▶ **THE DATA**:

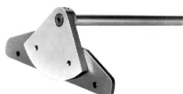
Streifenschneider S/01 Anschlag zum Schneiden paralleler Streifen bis 100, 250 und 500 mm
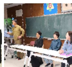
インタープリター（自然解説員）のみなさん
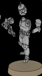
DC-15-PHASE-I- TRUPPLER SWL_0192
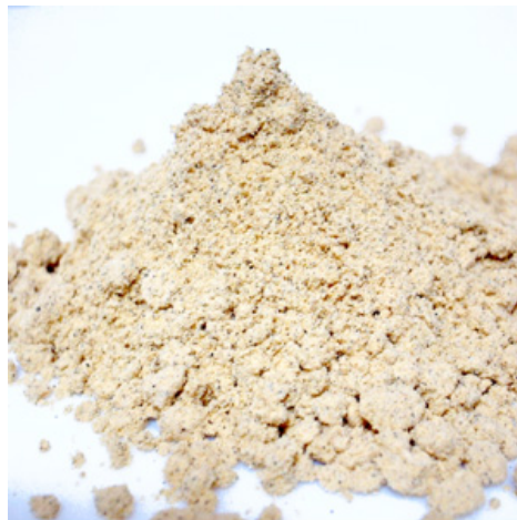
煎った大豆を粉にしたもの
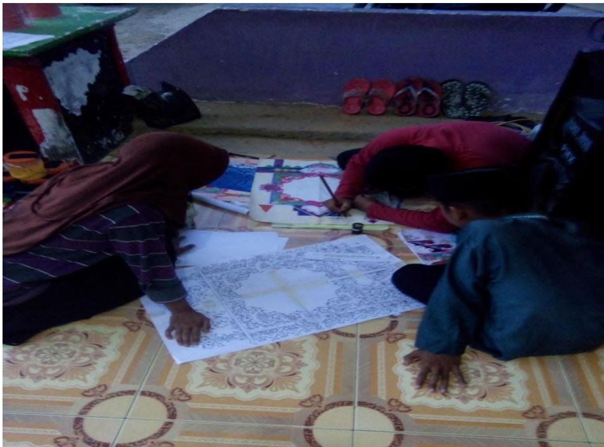
Photo: latihan pembuatan kaligrafi bersama mualim persiapan FASI tingkat Provinsi di Palankaraya.
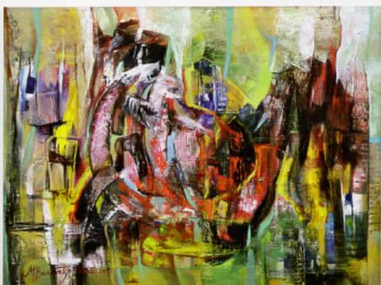
"Арка" - 61x81см
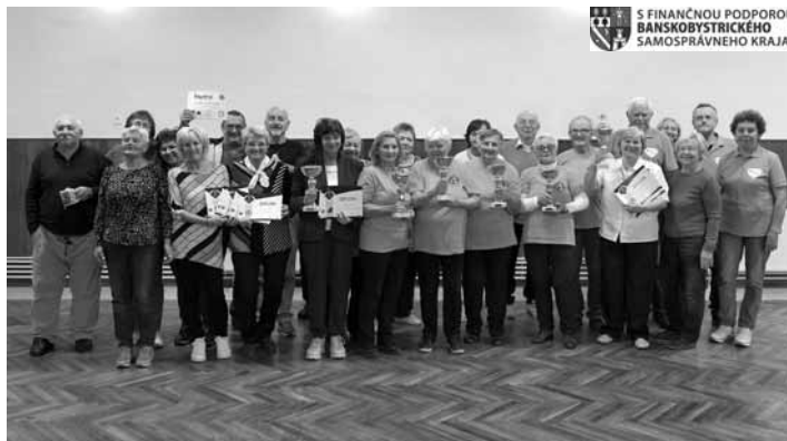
Ocenení aktívni športovci - seniori

Druhá polovica dňa sa niesla v znamení odovzdávania cien úspešným špor-

▶ **WHAT TO WORK ON**: None of the pictures belongs in the answer, but all the entries must be repeated exactly.

▶ **EXPECTED OUTPUT**:
Streifenschneider S/01 Anschlag zum Schneiden paralleler Streifen bis 100, 250 und 500 mm
インタープリター（自然解説員）のみなさん
DC-15-PHASE-I- TRUPPLER SWL_0192
煎った大豆を粉にしたもの
Photo: latihan pembuatan kaligrafi bersama mualim persiapan FASI tingkat Provinsi di Palankaraya.
"Арка" - 61x81см
Ocenení aktívni športovci - seniori

Druhá polovica dňa sa niesla v znamení odovzdávania cien úspešným špor-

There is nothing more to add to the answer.